# Assigned task
I need the lines from the one holding "Barbour Bamburgh £" to the last line of the data below repeated exactly, both included, without pictures.

# Provided data
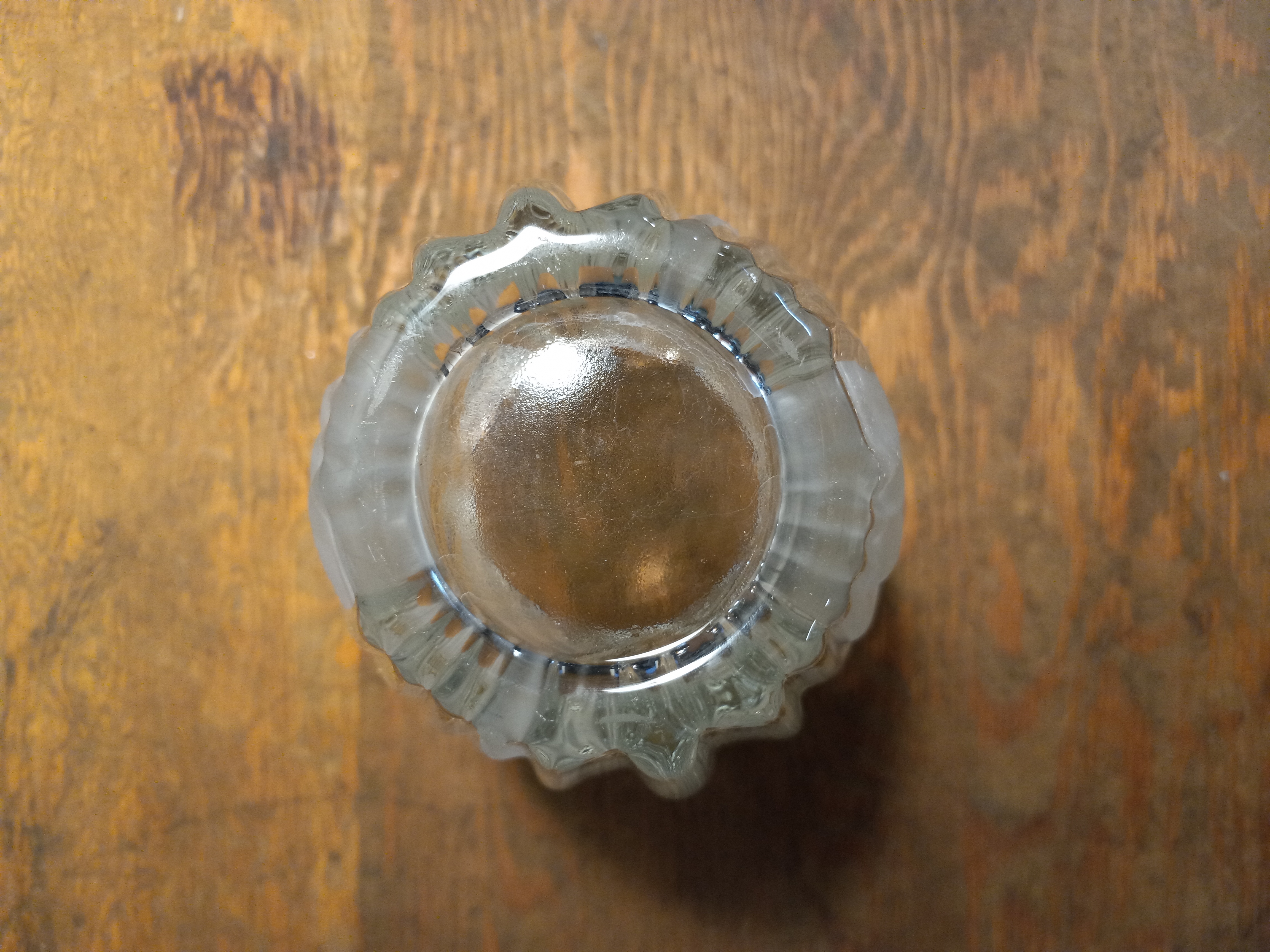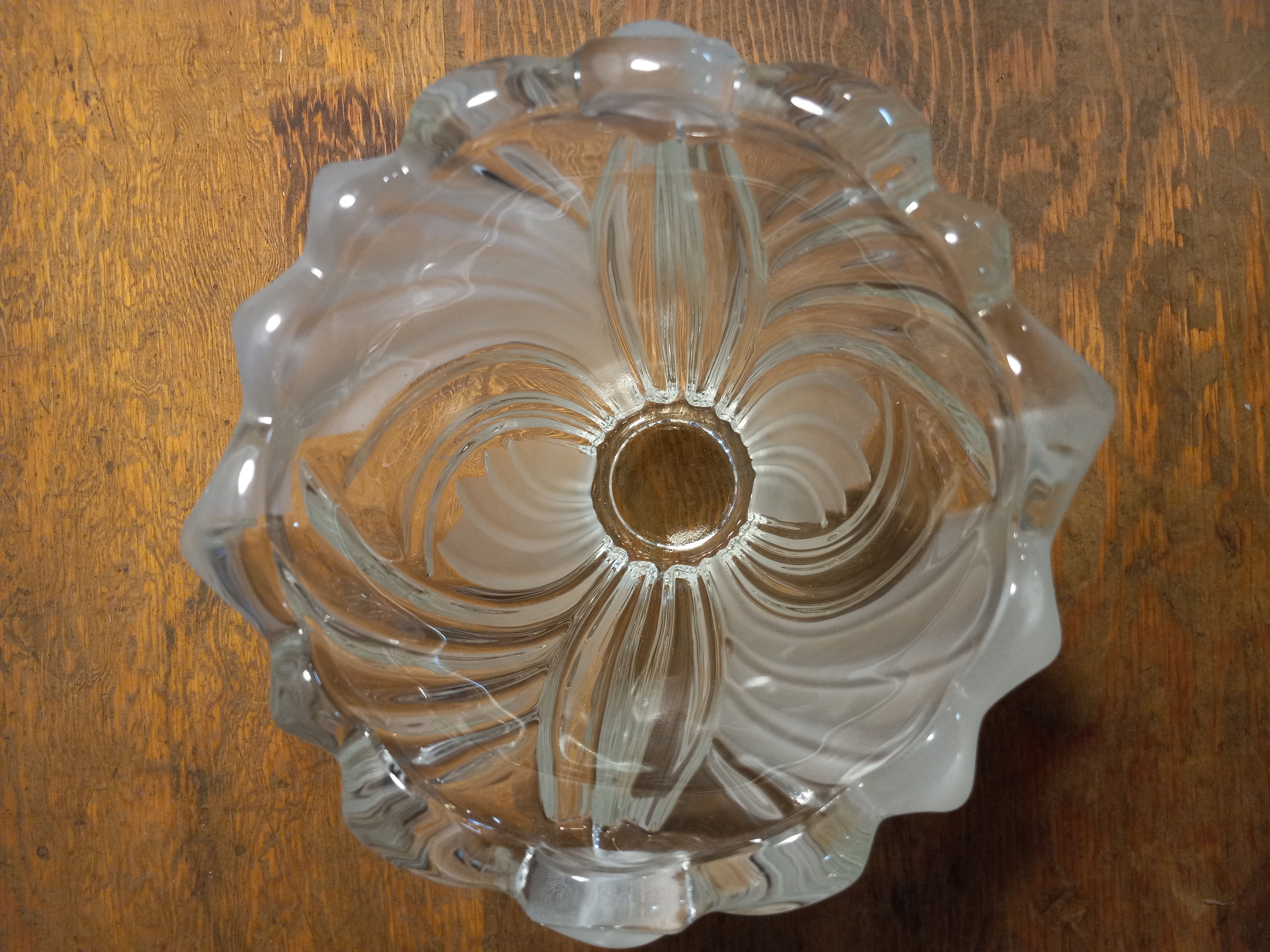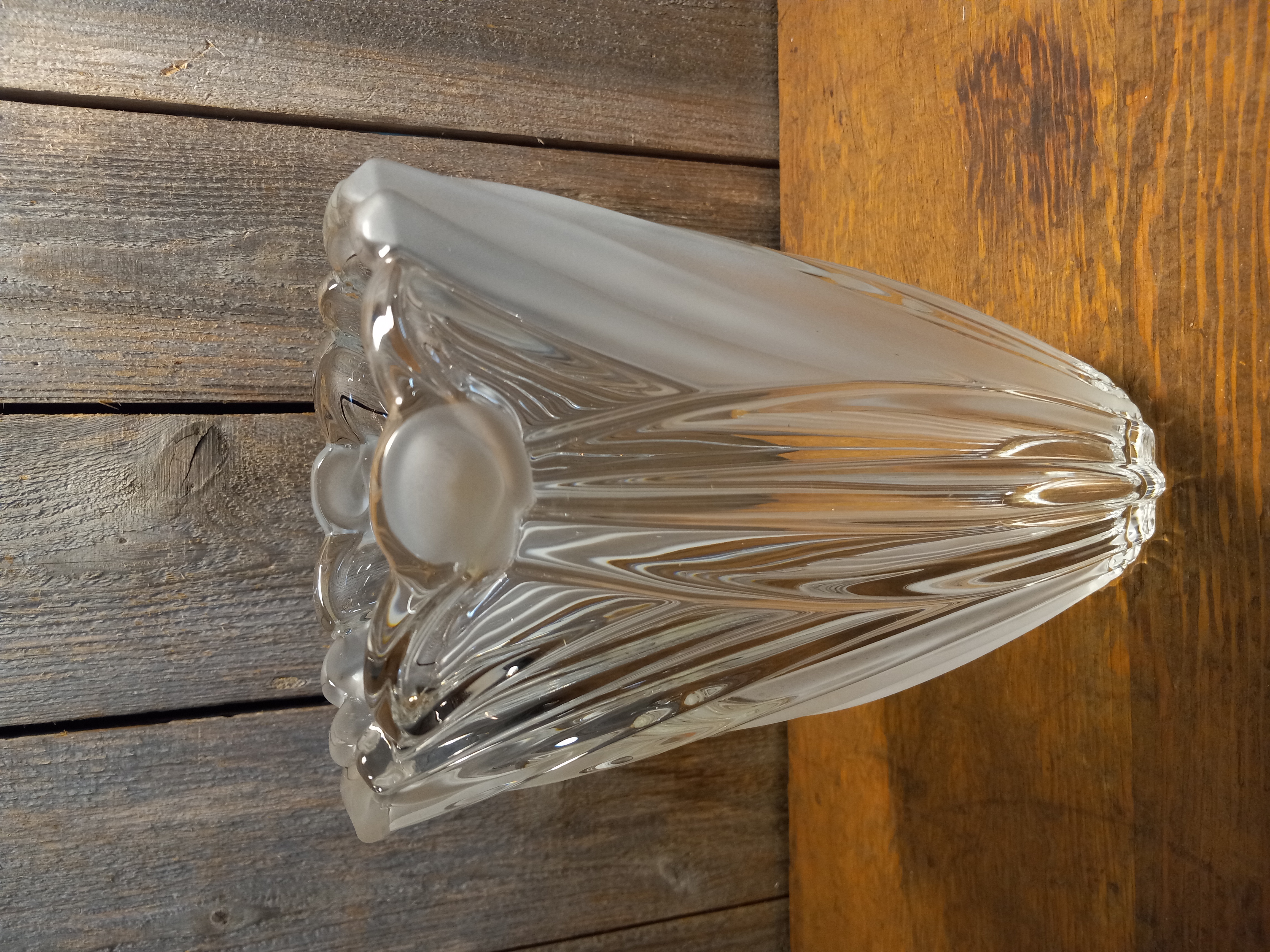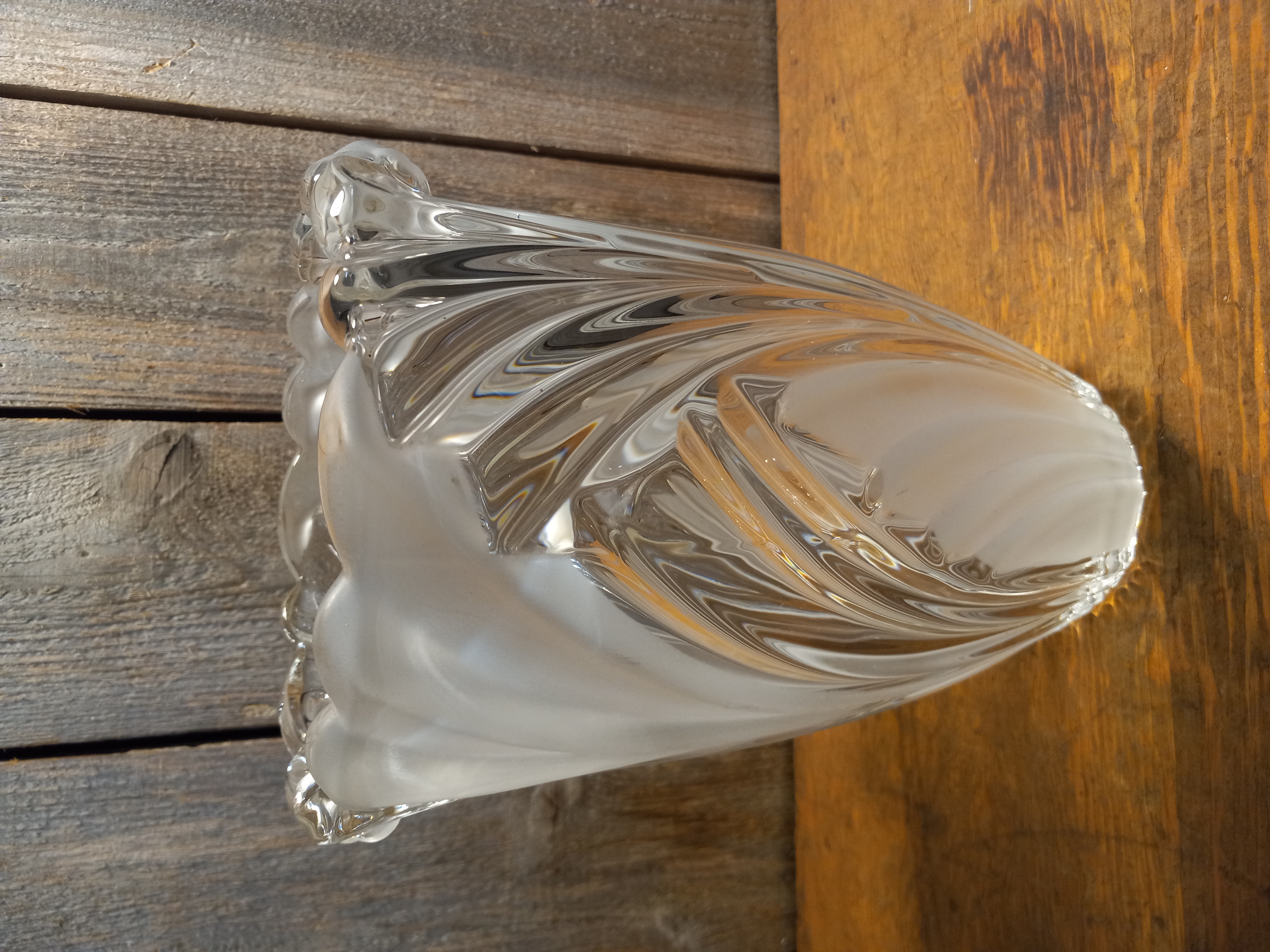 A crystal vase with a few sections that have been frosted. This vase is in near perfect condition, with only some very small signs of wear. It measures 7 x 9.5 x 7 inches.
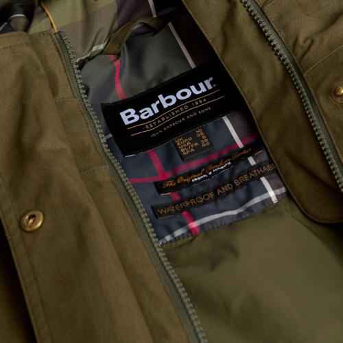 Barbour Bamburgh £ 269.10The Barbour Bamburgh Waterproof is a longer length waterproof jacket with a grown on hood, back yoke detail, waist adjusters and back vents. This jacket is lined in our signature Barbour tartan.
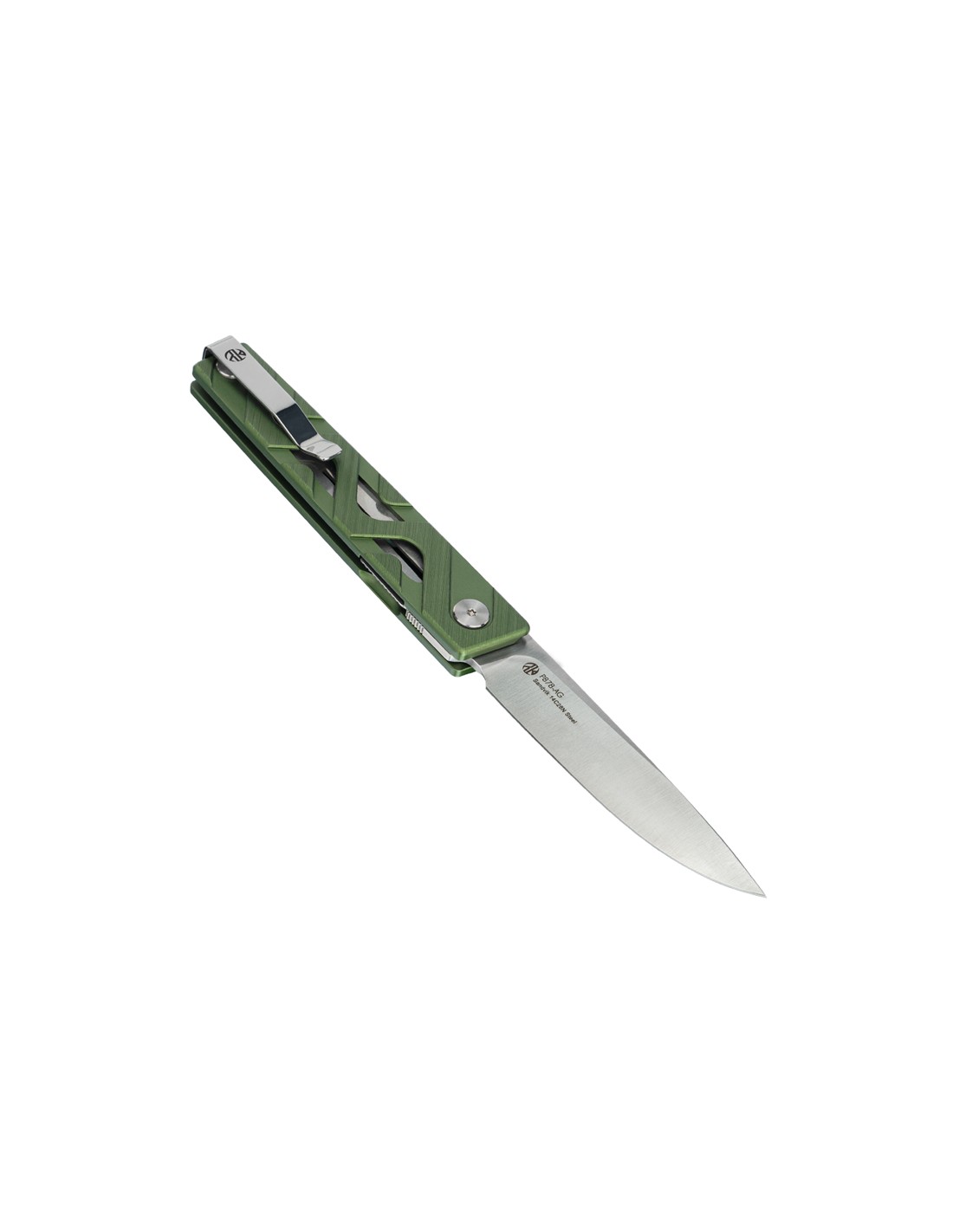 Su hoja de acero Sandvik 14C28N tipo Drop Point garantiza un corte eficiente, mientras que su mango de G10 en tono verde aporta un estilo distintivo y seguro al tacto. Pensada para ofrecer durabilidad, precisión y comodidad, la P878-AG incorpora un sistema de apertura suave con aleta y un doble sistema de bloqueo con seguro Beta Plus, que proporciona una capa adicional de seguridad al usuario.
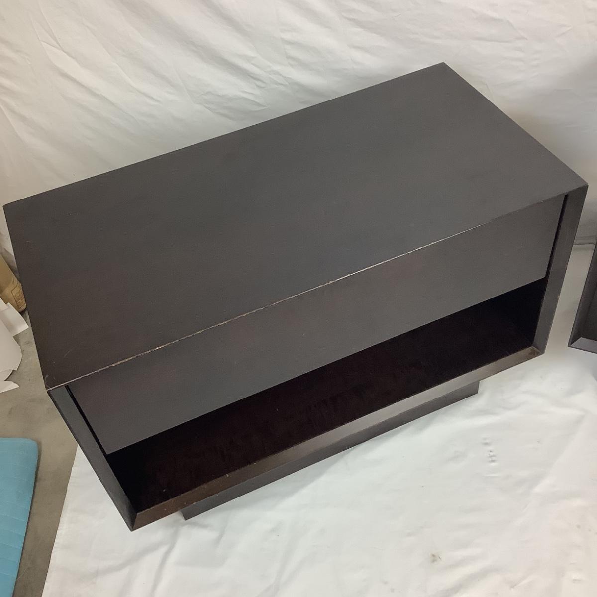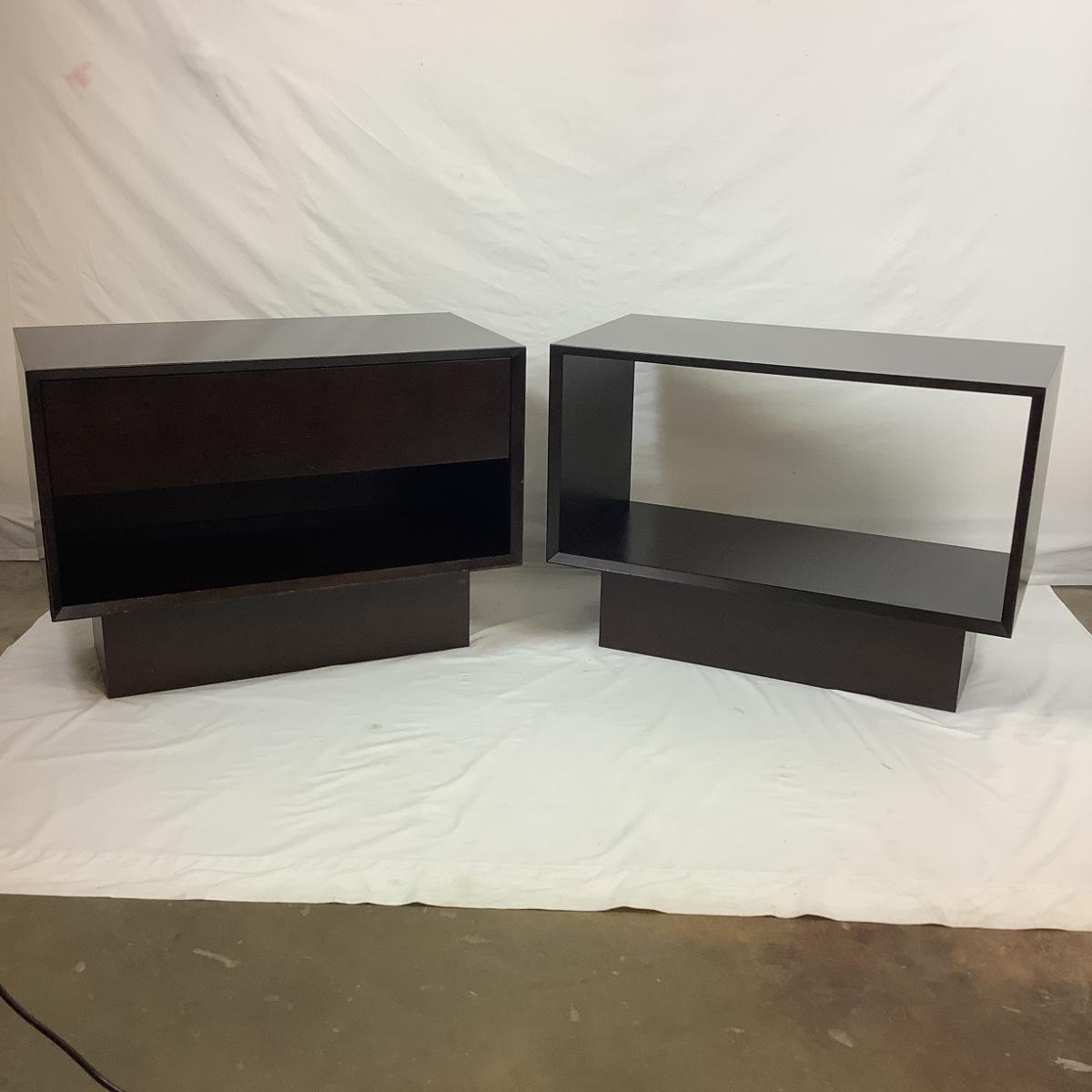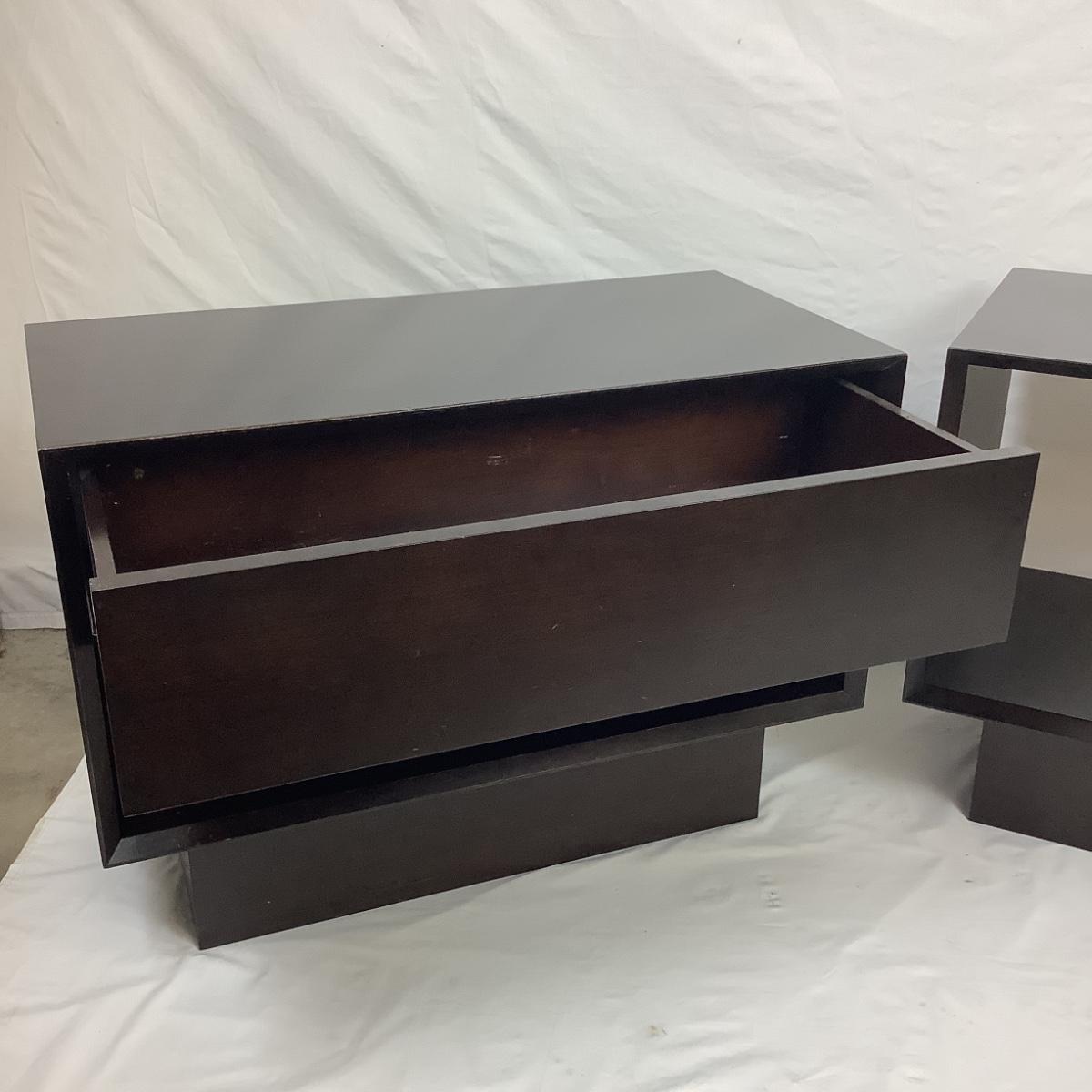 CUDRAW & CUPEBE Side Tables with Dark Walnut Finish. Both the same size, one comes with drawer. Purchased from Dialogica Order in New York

# Task result
 Barbour Bamburgh £ 269.10The Barbour Bamburgh Waterproof is a longer length waterproof jacket with a grown on hood, back yoke detail, waist adjusters and back vents. This jacket is lined in our signature Barbour tartan.
 Su hoja de acero Sandvik 14C28N tipo Drop Point garantiza un corte eficiente, mientras que su mango de G10 en tono verde aporta un estilo distintivo y seguro al tacto. Pensada para ofrecer durabilidad, precisión y comodidad, la P878-AG incorpora un sistema de apertura suave con aleta y un doble sistema de bloqueo con seguro Beta Plus, que proporciona una capa adicional de seguridad al usuario.
 CUDRAW & CUPEBE Side Tables with Dark Walnut Finish. Both the same size, one comes with drawer. Purchased from Dialogica Order in New York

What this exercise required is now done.